Task requirements -> Every line in the data below has to be repeated exactly; no picture belongs in the result.

Supplied data ->
****************************************

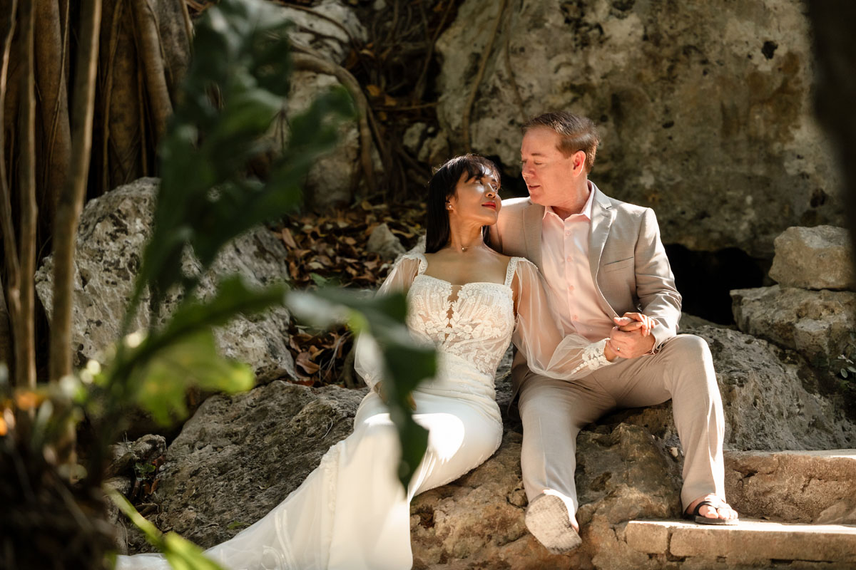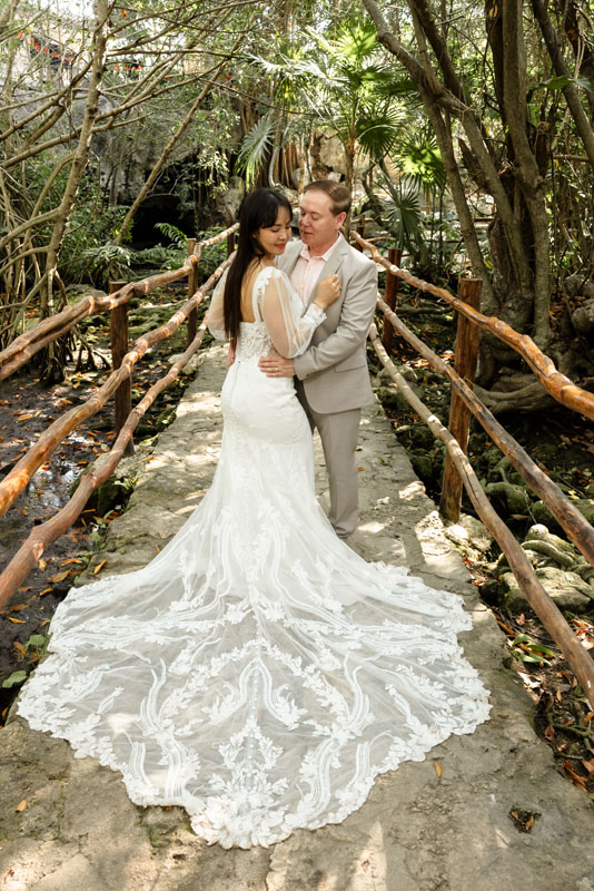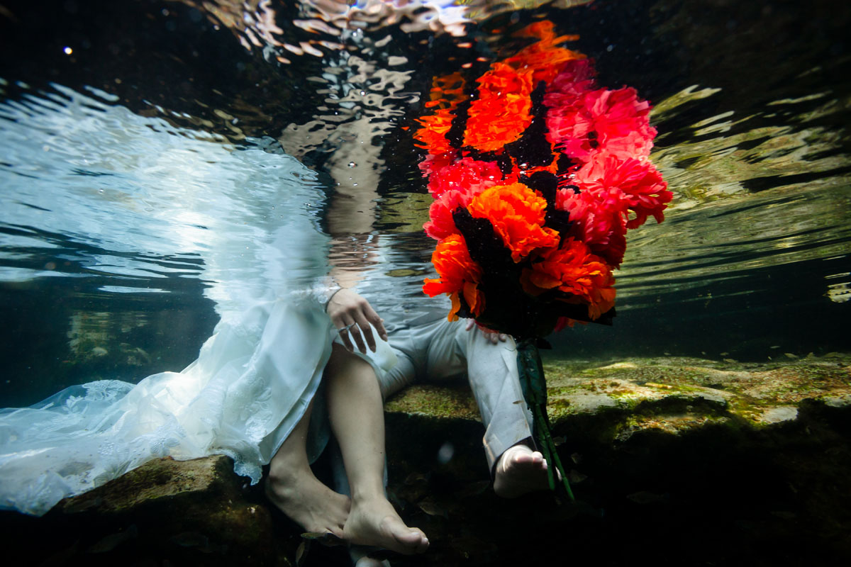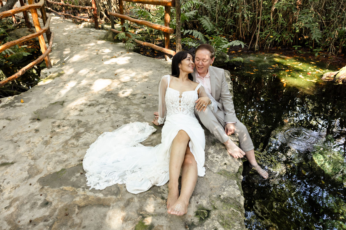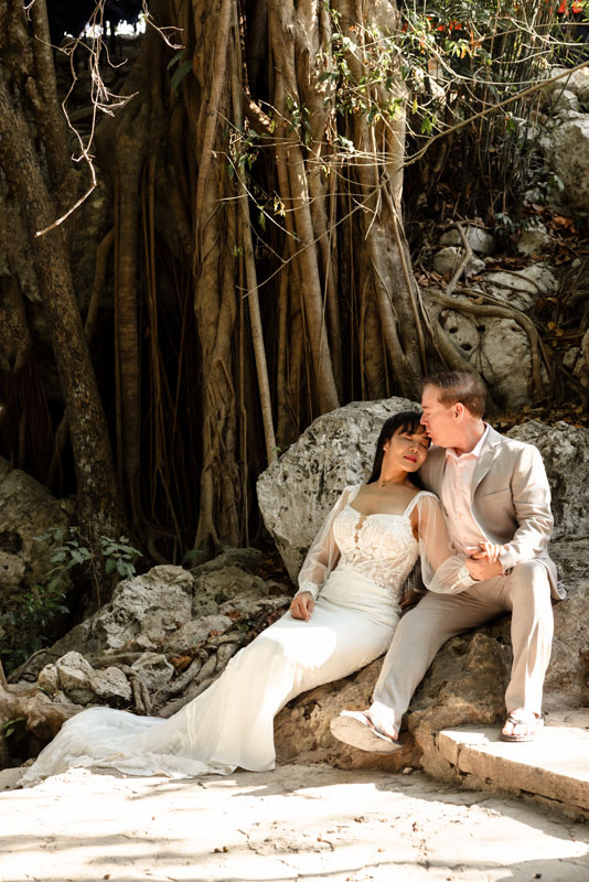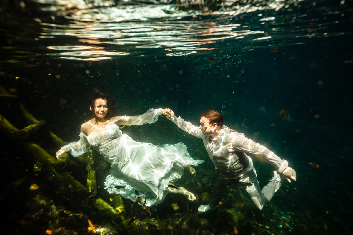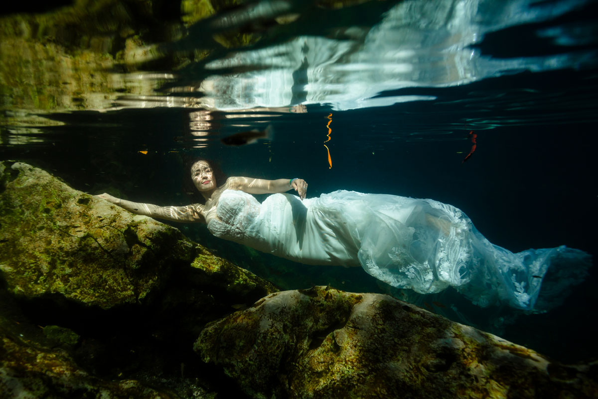 Annie + Mark kiss in the crystal clear waters of an ancient sacred cenote
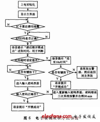 如圖2所示,電子鎖原始密碼和用戶設(shè)定密碼已存于外部存儲(chǔ)器E2PROM內(nèi),用戶要開門需先用電子感應(yīng)鑰匙開RFID碼感應(yīng)鎖,當(dāng)感應(yīng)鎖成功開鎖時(shí),系統(tǒng)將發(fā)出語(yǔ)音提示“感應(yīng)鎖開鎖成功”,然后輸入先前設(shè)定的密碼,密碼正確后,系統(tǒng)發(fā)出語(yǔ)音提示“開鎖成功”,否則提示“輸入密碼錯(cuò)誤”。輸入密碼三次以上錯(cuò)誤,系統(tǒng)將報(bào)警并自鎖30 min。整個(gè)開鎖時(shí)間不能超過30 s,否則系統(tǒng)發(fā)出警報(bào)聲,以防止盜賊在短時(shí)間內(nèi)利用萬能工具開鎖。系統(tǒng)待機(jī)時(shí)能在液晶上顯示時(shí)間、日期和星期等信息,實(shí)現(xiàn)友好的人機(jī)界面。
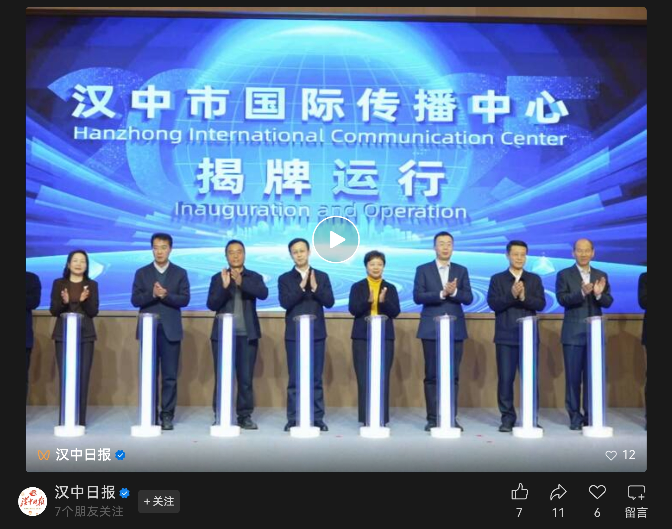 【汉中日报】汉中市国际传播中心揭牌运行
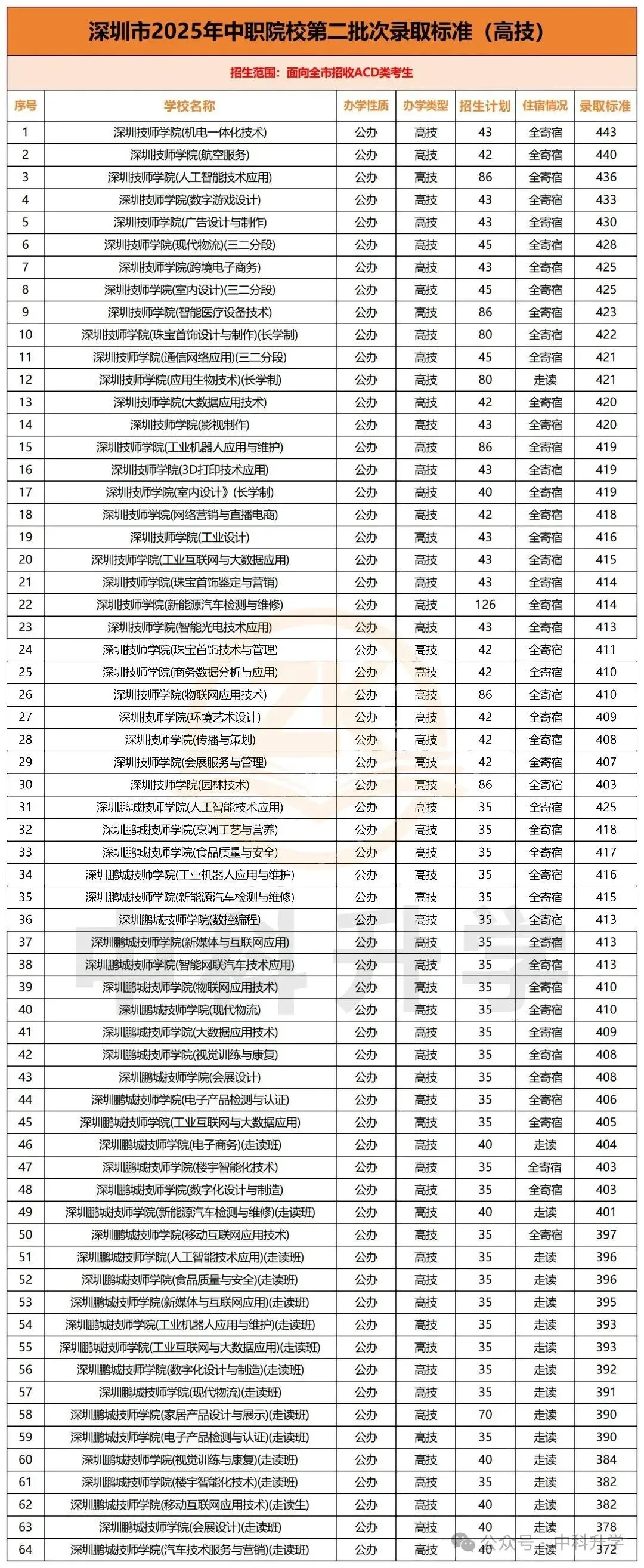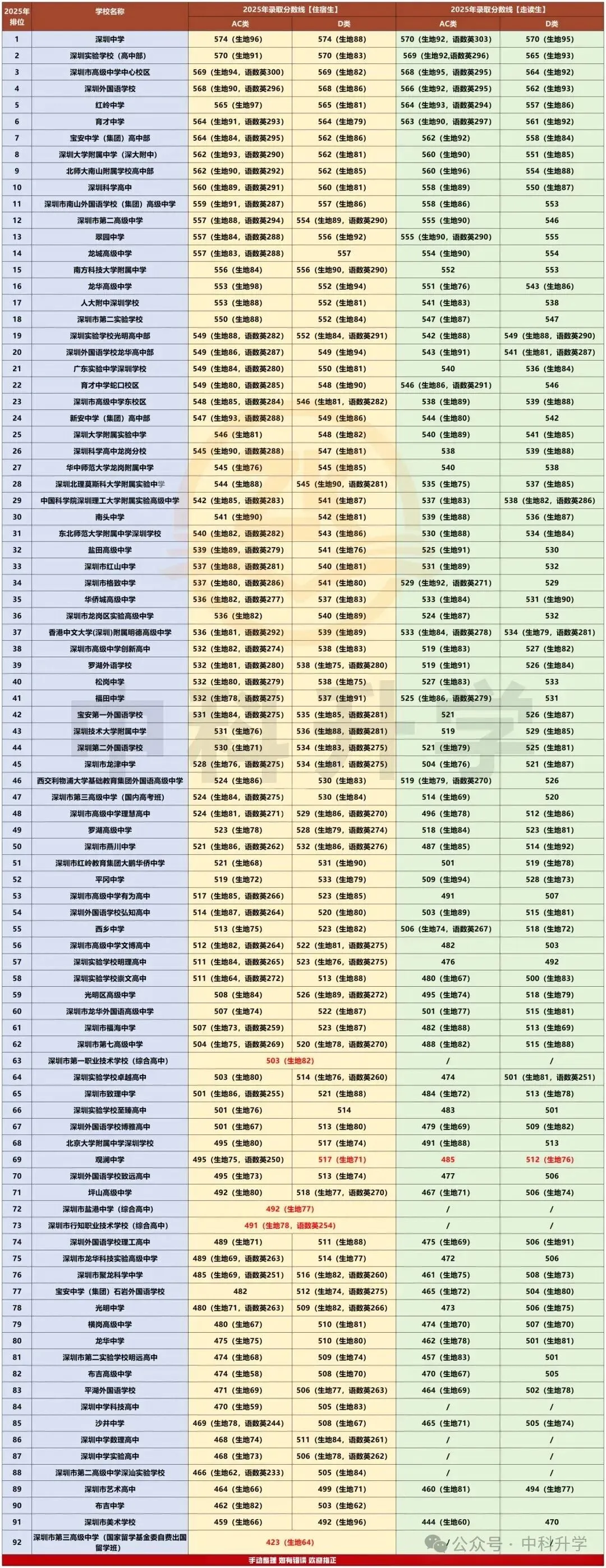 录取分数线方面,2025 年深圳公办普高(不含三高出国班)最低控制线划定:AC 类考生 459 分(走读 444 分),D 类考生 492 分(走读 470 分)。

****************************************

Response to this exercise ->
 Annie + Mark kiss in the crystal clear waters of an ancient sacred cenote
 如圖2所示,電子鎖原始密碼和用戶設(shè)定密碼已存于外部存儲(chǔ)器E2PROM內(nèi),用戶要開門需先用電子感應(yīng)鑰匙開RFID碼感應(yīng)鎖,當(dāng)感應(yīng)鎖成功開鎖時(shí),系統(tǒng)將發(fā)出語(yǔ)音提示“感應(yīng)鎖開鎖成功”,然后輸入先前設(shè)定的密碼,密碼正確后,系統(tǒng)發(fā)出語(yǔ)音提示“開鎖成功”,否則提示“輸入密碼錯(cuò)誤”。輸入密碼三次以上錯(cuò)誤,系統(tǒng)將報(bào)警并自鎖30 min。整個(gè)開鎖時(shí)間不能超過30 s,否則系統(tǒng)發(fā)出警報(bào)聲,以防止盜賊在短時(shí)間內(nèi)利用萬能工具開鎖。系統(tǒng)待機(jī)時(shí)能在液晶上顯示時(shí)間、日期和星期等信息,實(shí)現(xiàn)友好的人機(jī)界面。
 【汉中日报】汉中市国际传播中心揭牌运行
 录取分数线方面,2025 年深圳公办普高(不含三高出国班)最低控制线划定:AC 类考生 459 分(走读 444 分),D 类考生 492 分(走读 470 分)。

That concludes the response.